**EXERCISE DESCRIPTION**
Please reproduce the listing below exactly, leaving out every picture.

**RAW DATA**
# # #

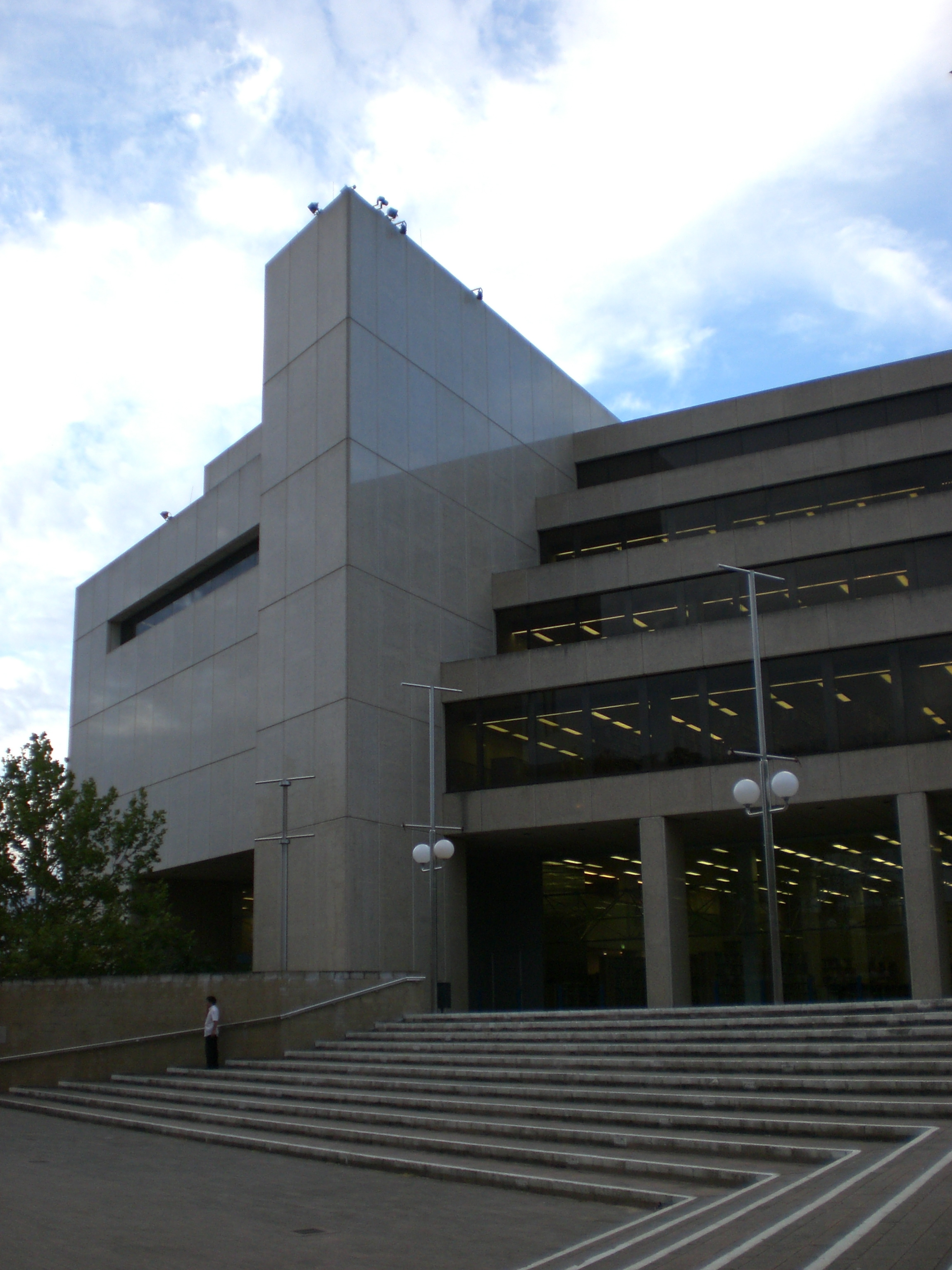 An image from a compact camera of the Alexander Library Building in the James Street cultural centre of Perth, Western Australia. An indication of the unusual scale of the steps is shown by the figure descending these at lower left. The photo was taken toward sunset, but away from it.
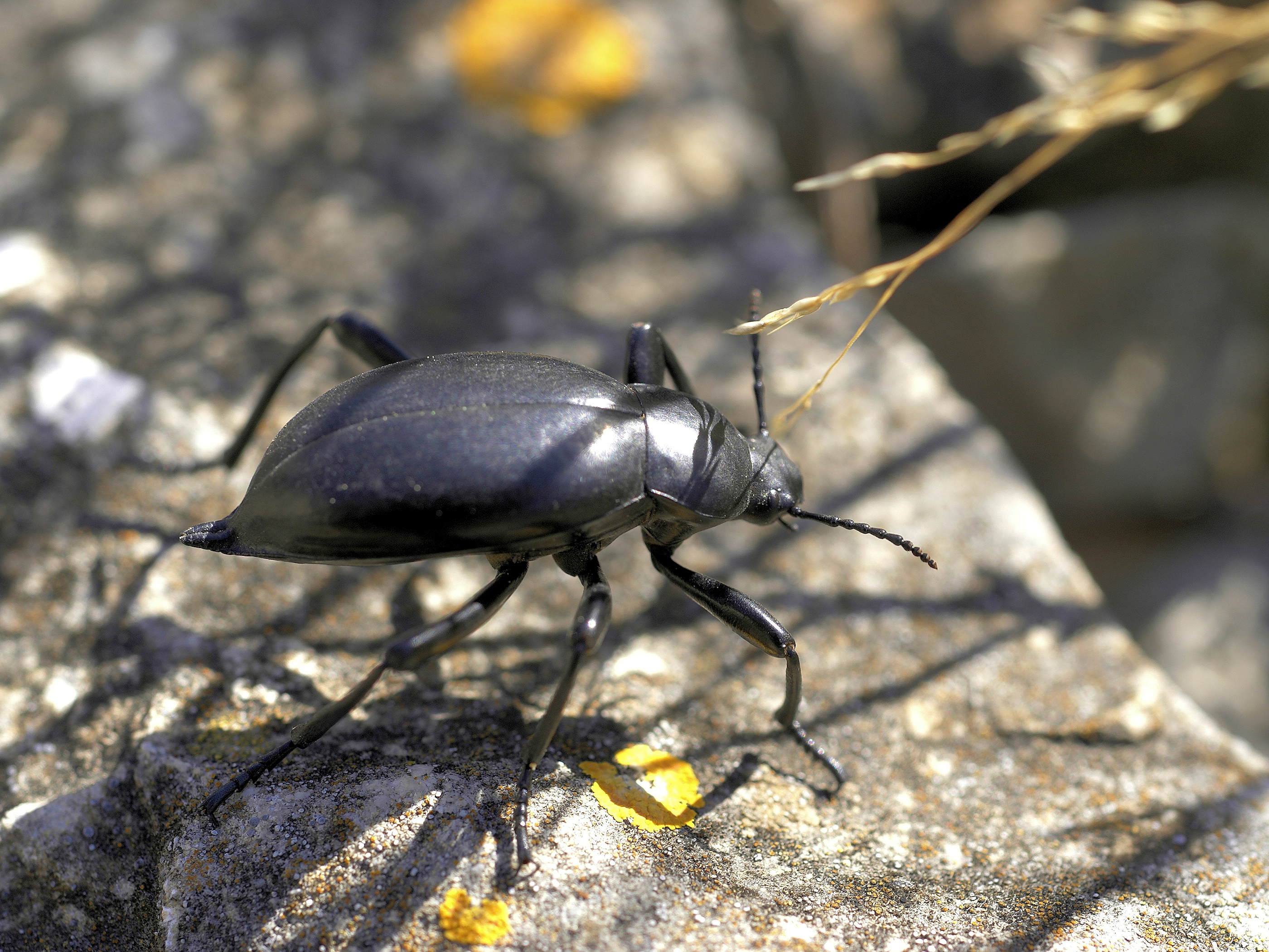 Near el Perelló, Catalonia, Spain
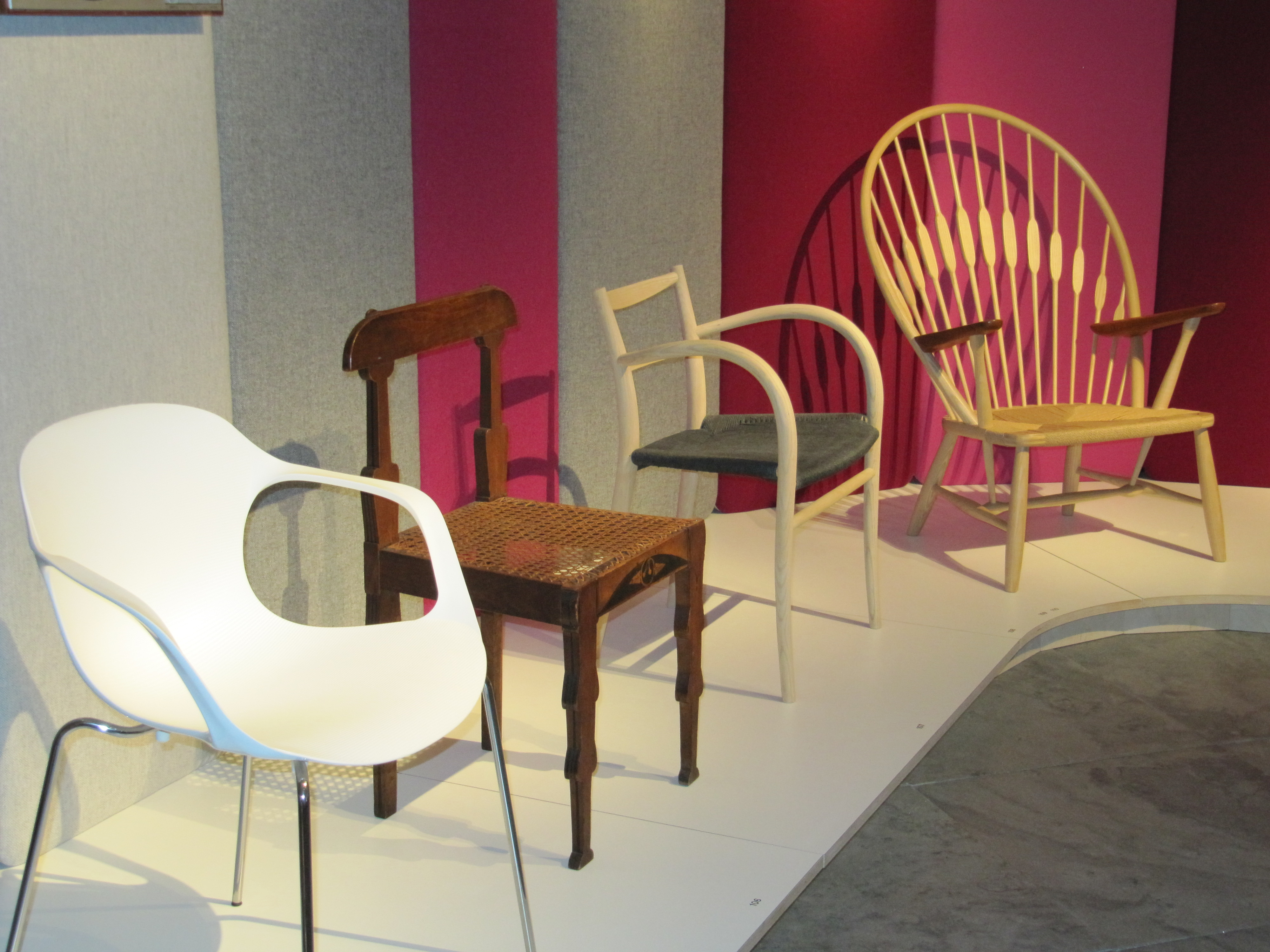 Selection of Danish Modern chairs at the Danish Design Museum, Copenhagen, September 2011.
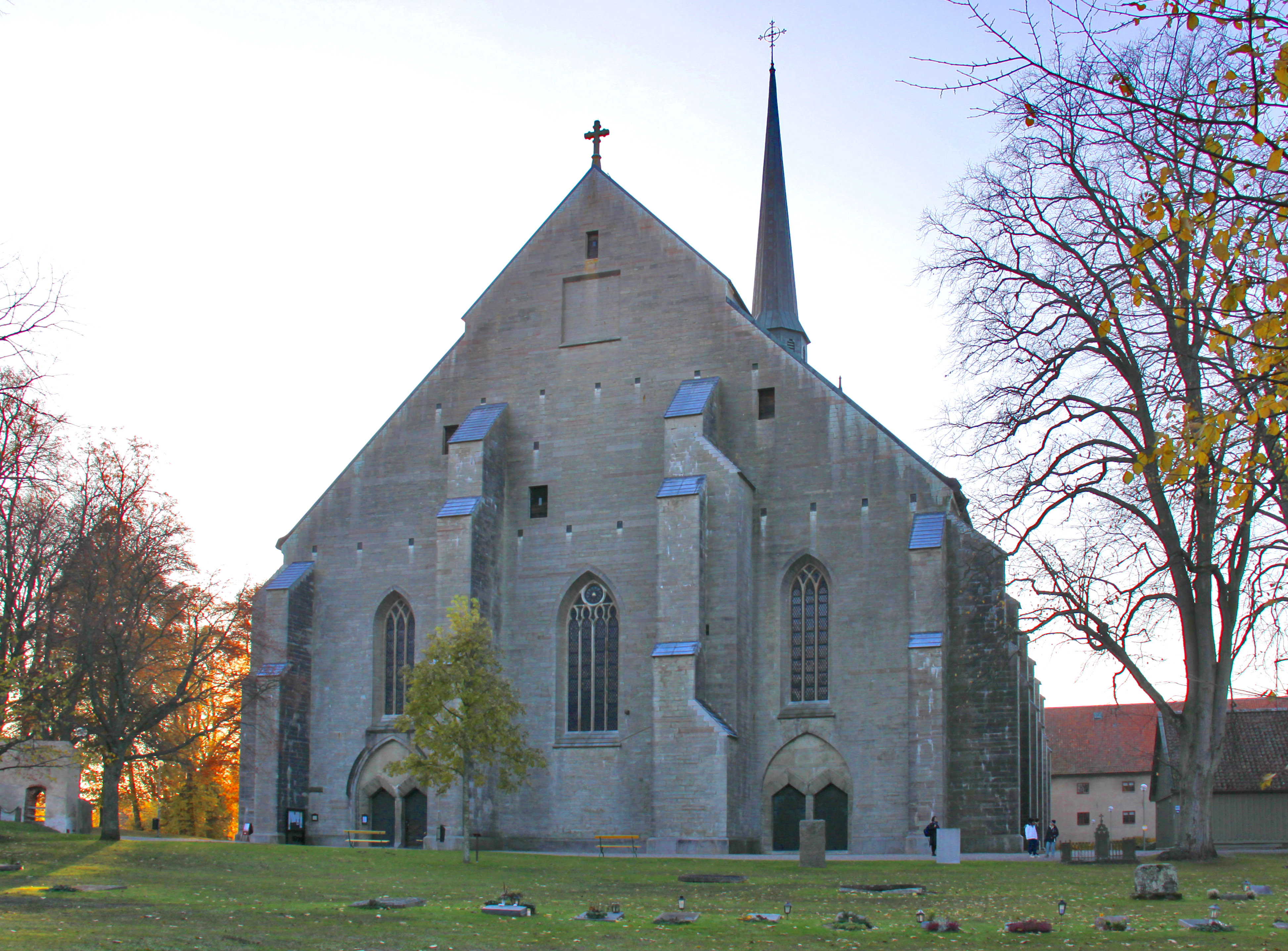 Vadstena, Sweden; the monastery church.

# # #

**EXERCISE ANSWER**
 An image from a compact camera of the Alexander Library Building in the James Street cultural centre of Perth, Western Australia. An indication of the unusual scale of the steps is shown by the figure descending these at lower left. The photo was taken toward sunset, but away from it.
 Near el Perelló, Catalonia, Spain
 Selection of Danish Modern chairs at the Danish Design Museum, Copenhagen, September 2011.
 Vadstena, Sweden; the monastery church.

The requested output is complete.